▶ **DATA SECTION**:
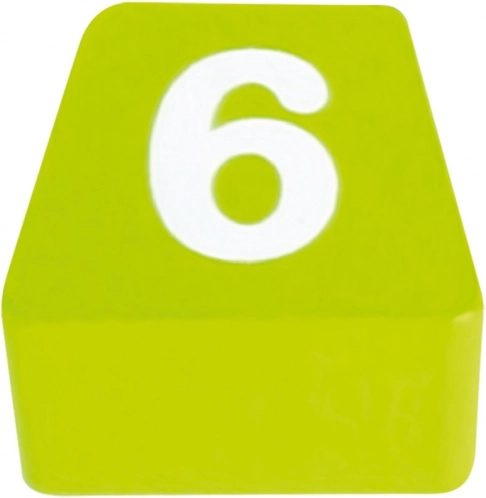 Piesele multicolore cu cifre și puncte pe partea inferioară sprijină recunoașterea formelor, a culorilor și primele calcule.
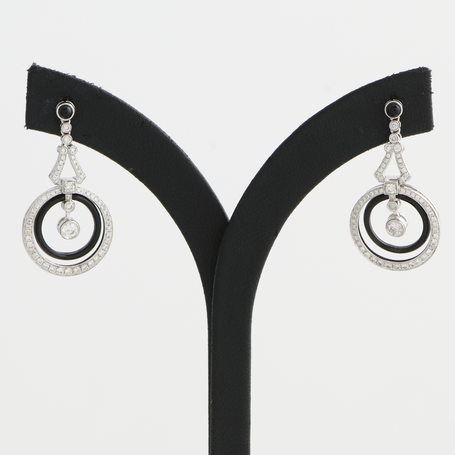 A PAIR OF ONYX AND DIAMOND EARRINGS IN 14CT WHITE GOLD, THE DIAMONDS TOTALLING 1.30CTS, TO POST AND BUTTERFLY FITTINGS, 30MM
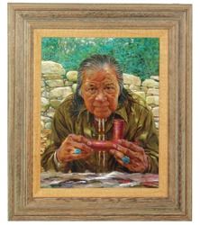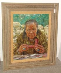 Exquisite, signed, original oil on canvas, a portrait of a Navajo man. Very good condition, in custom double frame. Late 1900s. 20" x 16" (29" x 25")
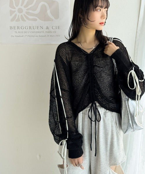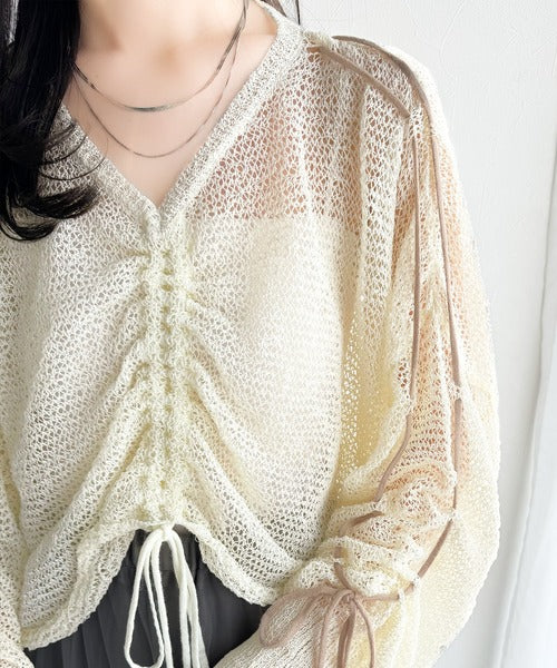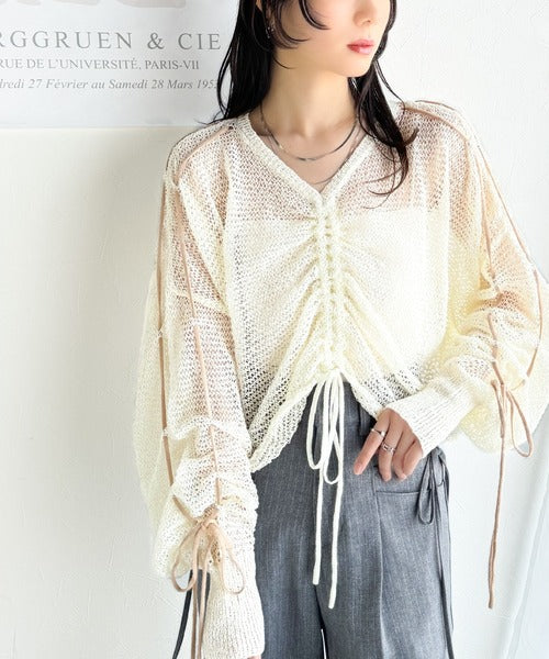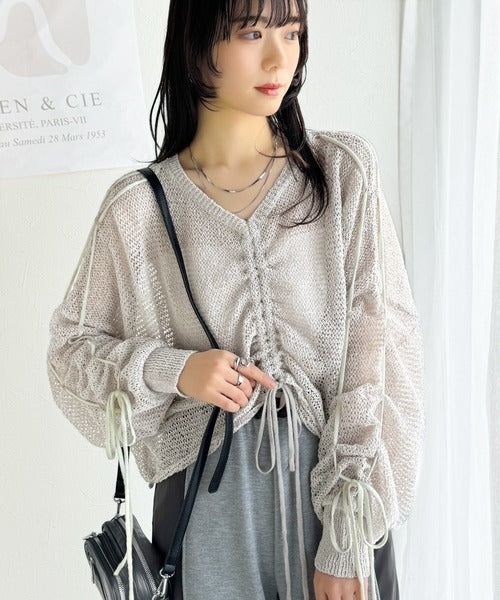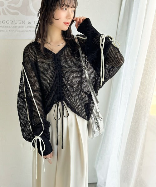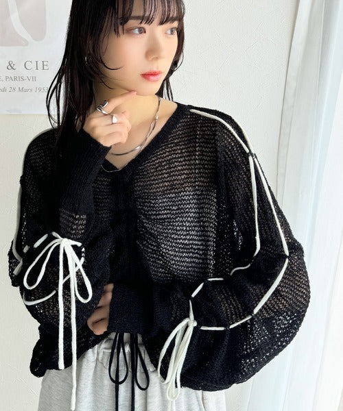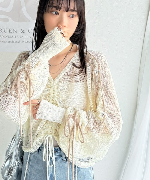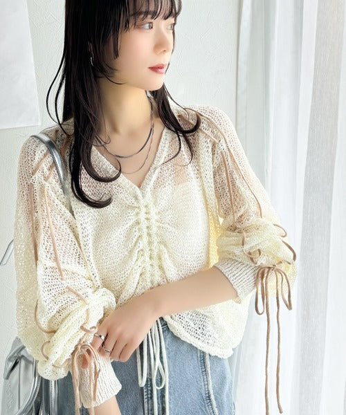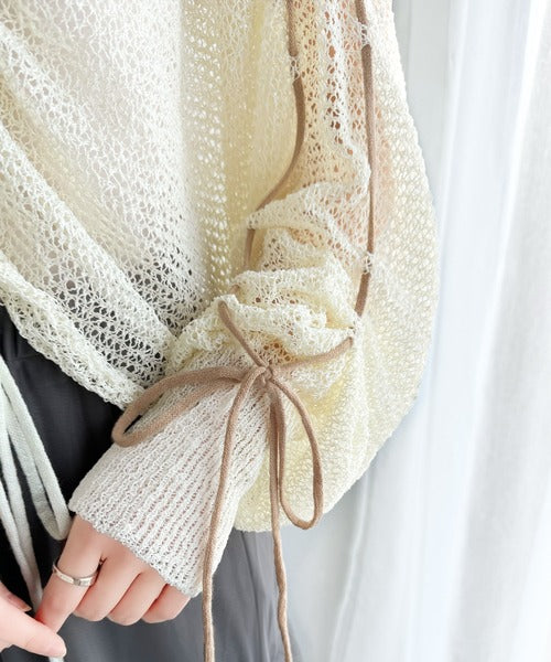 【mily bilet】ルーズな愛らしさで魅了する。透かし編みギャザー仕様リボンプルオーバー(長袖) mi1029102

▶ **PROBLEM STATEMENT**:
Exactly the lines from the one with "A PAIR OF ONYX" to the last line of the listing are wanted, both ends included and pictures excluded.

▶ **EXERCISE ANSWER**:
 A PAIR OF ONYX AND DIAMOND EARRINGS IN 14CT WHITE GOLD, THE DIAMONDS TOTALLING 1.30CTS, TO POST AND BUTTERFLY FITTINGS, 30MM
 Exquisite, signed, original oil on canvas, a portrait of a Navajo man. Very good condition, in custom double frame. Late 1900s. 20" x 16" (29" x 25")
 【mily bilet】ルーズな愛らしさで魅了する。透かし編みギャザー仕様リボンプルオーバー(長袖) mi1029102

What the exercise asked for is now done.